İran Cumhurbaşkanı Mesud Pezeşkiyan, Suudi Arabistan Dışişleri Bakanı Faysal Bin Ferhan'la Katar'da dün yaptığı görüşmede, İsrail'in bölgedeki saldırganlığına karşı İslam ülkelerine birlik çağrısı yapmıştı.

İsrail'in bir sonraki adımı ne olacak?

İsrail'in önce Hamas lideri İsmail Haniye'yi Tahran'da, sonra da Hizbullah Genel Sekreteri Hasan Nasrallah'ı Beyrut'ta öldürmesinin ardından İran da aylardır beklenen misillemeyi salı gecesi yapmıştı. İsrail Başbakanı Binyamin Netanyahu, İran'ın "ağır bedel" ödeyeceğini söylerken, ABD de Tel Aviv yönetimine destek veriyor. 

Amerikan medya kuruluşu CNN, "bölgesel savaşın fiilen başladığını" yazıyor. Kimliğinin açıklanmamasını isteyen İsrailli bir eski üst düzey askeri yetkili, Tel Aviv yönetiminin seçeneklerini değerlendirdiğini belirtiyor. 

Eski İsrail Başbakanı Naftali Bennett, İran'a kapsamlı saldırı düzenlenmesini savunuyor fakat CNN'e konuşan yetkili, Tel Aviv'in fevri davranmayacağını ve daha ölçülü bir saldırı planı yapabileceğini öne sürüyor. 

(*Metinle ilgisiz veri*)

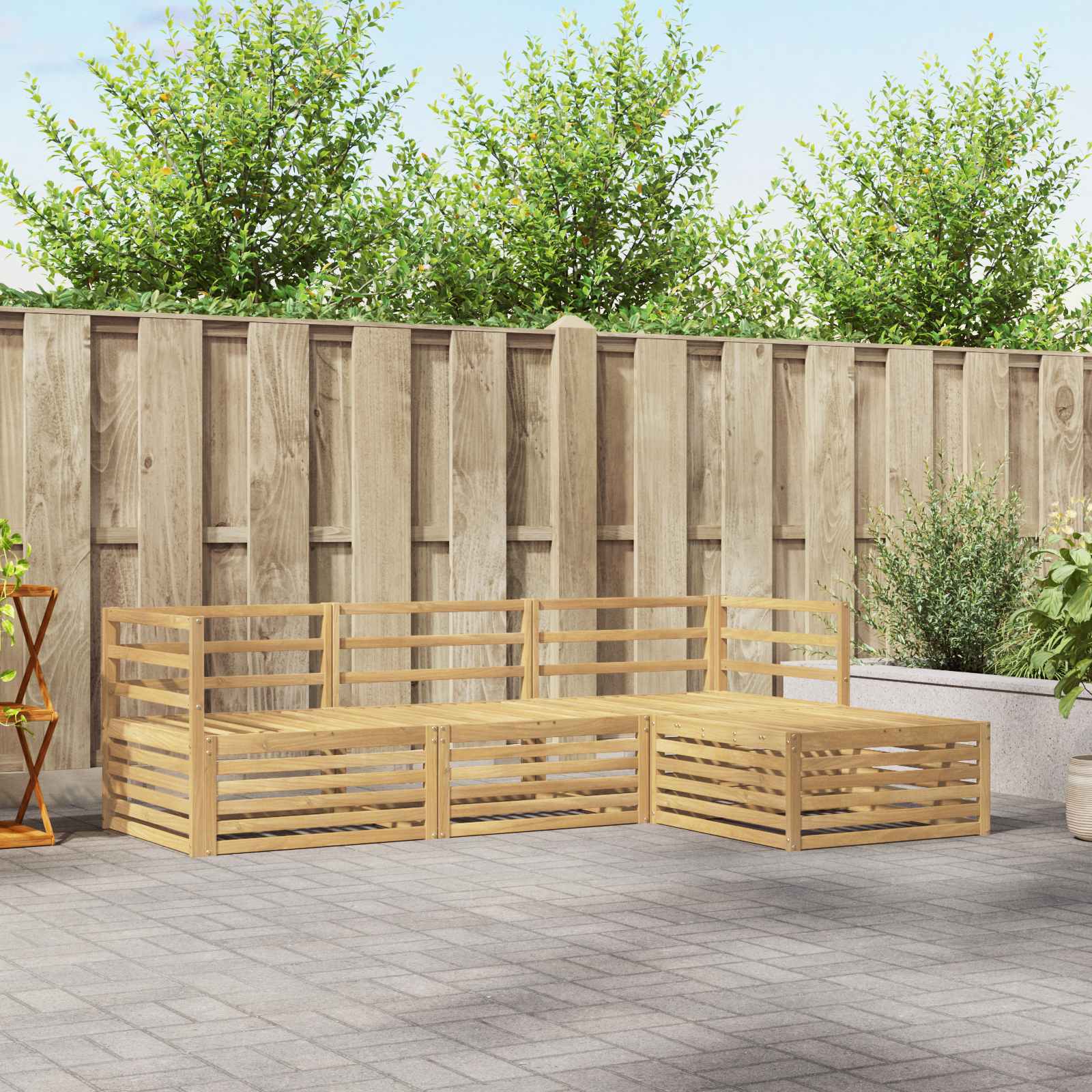 Ulkokalustesetti yhdistää tyylin ja käytännöllisyyden, luoden upean keskipisteen jokaiselle puutarhalle tai terassille. Sen moderni muotoilu, jossa on siistit viivat ja hillitty yksityiskohtaisuus, tuo eleganssia ja tukee rentoutumista ulkona ja sosiaalista yhdessäoloa. Valmistettu kestävästä akaasiapuusta, setti varmistaa pitkän käyttöiän ja visuaalista viehätystä, mikä tekee siitä täydellisen valinnan käytännöllisten ja tyylikkäiden ulkokalusteiden etsijöille.
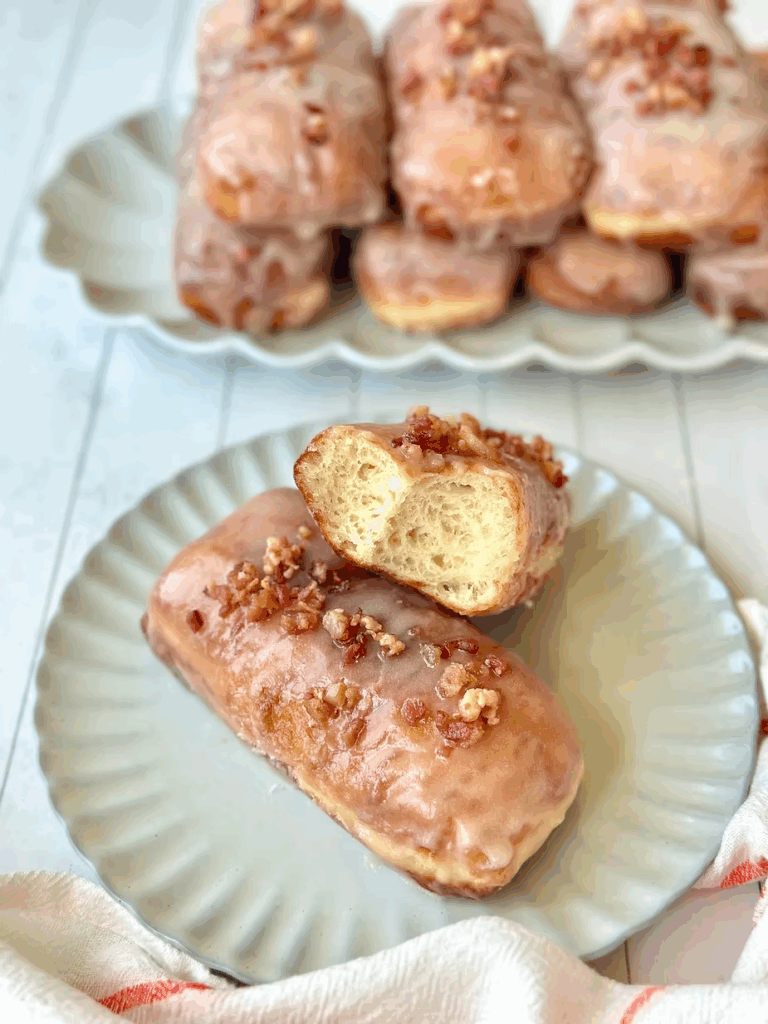 These Sourdough Maple Bacon Bars are everything you didn’t know you were missing: pillowy soft, glazed with a buttery thick maple glaze, and finished with crispy bacon crumbles on top. One bite of these melt-in-your-mouth donuts, and you’ll be transported back to that small donut shop from your childhood!

Öte yandan Amerikan gazetesi New York Times (NYT), İsrail ordusunun İran'a güçlü bir misilleme düzenleyebileceğini yazıyor. İsrail'in Ulusal Güvenlik Konseyi'nde İran stratejisinden sorumlu eski yetkili Yoel Guzansky, şunları söylüyor: 

İsrail'de ordu, savunma uzmanları, analistler ve siyasetçiler arasında İran'ın saldırısına güçlü şekilde karşılık verilmesine dair fikir birliği var.

NYT'ye konuşan yetkililer, Tel Aviv'in misillemeye yönelik kararını büyük ihtimalle cuma akşamı Roş Haşanah'ın sona ermesiyle vereceğini belirtiyor. Roş Haşanah'ta Yahudiler, İbrani takvimine göre yeni yılın gelişini kutluyor.